Izzard intends to “Stand for Labour in Sheffield central”

This BBC article is notable for slavishly adhering to gender make-believe from the  “if I sez I’m a lady, then I’m a lady” school of abandon-all-reason.


All the way through this piece Eddie, wearing a skirt, is “assigned” “she” by the BBC. 

"Comedian Eddie Izzard says she hopes to stand as a Labour candidate in Sheffield at the next general election.



I don’t think I’ve ever seen so many female pronouns gratuitously (and dare I say almost maliciously?) shoehorned into a teeny bit of reporting. Is someone  (other than me) ’avin’ a laugh? I’m seriously wondering if the BBC has gawn mad. Here’s Guido. Amongst the comments, 259 at the time of writing, (which was roughly the day before yesterday) I spotted a delicate question that most other contributors failed to ask. Where on God’s earth did those b00bs come from?


+++++++++++++



Jeremy Bowen’s (personal) truth

Jeremy Bowen has written another book you’ll be glad to hear. It’s called The Making of the Modern Middle East: A Personal Story



The reviewer Justin Marozzi is a fan - I saw that on the twitter. 

Well, I won’t be reading any more of  Jezzer’s personal stories and I wish I could unread the ones I’ve already read.

++++++++++++++++


“Marriage”  untruth


The other day I mentioned the BBC’s 4-part drama Marriage starring Sean Bean and Nicola Walker plus James Bolam and some other actors.
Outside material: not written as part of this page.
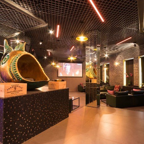 To je vrlo atmosfersko i konceptualno mjesto. Dizajn prostorije napravljen je u orijentalnom stilu, a glavni eksponat ustanove je ogromna riba, koja je ujedno postala i simbol nargile. U ustanovi možete isprobati razne mješavine duhana, uključujući i autorsku mješavinu iskusnih proizvođača nargile. Ovdje će vam se ponuditi ne samo nargila ili parni koktel, već i cijeli izbornik u nargilu s jelima raznih svjetskih kuhinja i bar u kojem se nalazi piće za svačiji ukus. Postoji veliki izbor čaja od jednostavnih do najsofisticiranijih sorti. Slatki zubi također će pronaći što odabrati u dijelu deserta izbornika.
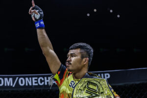 “ซุปเปอร์เล็ก เกียรติหมู่ 9” แชมป์โลก ONE คิกบ็อกซิ่ง รุ่นฟลายเวต (125-135 ป.) ประกาศศักดามวยไทยให้แฟนมวยทั่วโลกได้เห็น หลังโชว์สับศอกส่ง “โจนาธาน แฮ็กเกอร์ตี” แชมป์โลก ONE มวยไทย และคิกบ็อกซิ่ง รุ่นแบนตัมเวต (135-145 ป.) จากอังกฤษ จอดเพียงแค่ 49 วินาที ของยกแรก

Once again, public opinion fell into two (weirdly passionate) camps, which we’ll call - ‘For’ and ‘Agin’.


Newspaper reviewers raved about it. Carol Midgley in the Times thought it was the bees’ knees while  James Innes-Smith in the Spectator was less keen.


Torrents of negativity poured in after just one episode. The prolonged silences interspersed with inane dialogue in episode one instantly brought about an irresistible compulsion to switch-off-the-TV. 
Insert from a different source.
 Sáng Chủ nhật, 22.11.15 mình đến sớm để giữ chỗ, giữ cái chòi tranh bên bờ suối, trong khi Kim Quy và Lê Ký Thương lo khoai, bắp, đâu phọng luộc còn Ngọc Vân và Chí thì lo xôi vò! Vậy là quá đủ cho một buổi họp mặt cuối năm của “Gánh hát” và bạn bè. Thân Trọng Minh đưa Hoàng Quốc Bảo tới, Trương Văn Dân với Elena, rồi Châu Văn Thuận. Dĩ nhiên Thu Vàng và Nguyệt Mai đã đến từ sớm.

This ‘more naturalistic than actual naturalism’ genre is not new. It was captured more effectively several decades ago.  In 1971 Mike Leigh produced “Bleak Moments.” Leigh’s early output was characterised by similarly ‘realistic’ conversations that elevated the mundane to poignant-verging-on-poetic. The semi-improvised dialogue revelled in outrageously inane banter that was doleful, yet humorous, compelling, and entertaining yet somehow believable.


In my humble opinion, “Marriage” was charmless; the casting was wrong - the production failed to give the illusion that Sean Bean, as an unreconstructed northerner, and Nicola Walker were a couple.

 

The adopted daughter-of-colour bore no hint of resemblance to either of her adopted parents, either in accent, turn of phrase or familial idiosyncrasy. The sub-plot-by-numbers was equally unlikely and unconvincing.


Note: If I ever hear protracted whingeing about a baked potatah at an airport I’ll eat all the above words.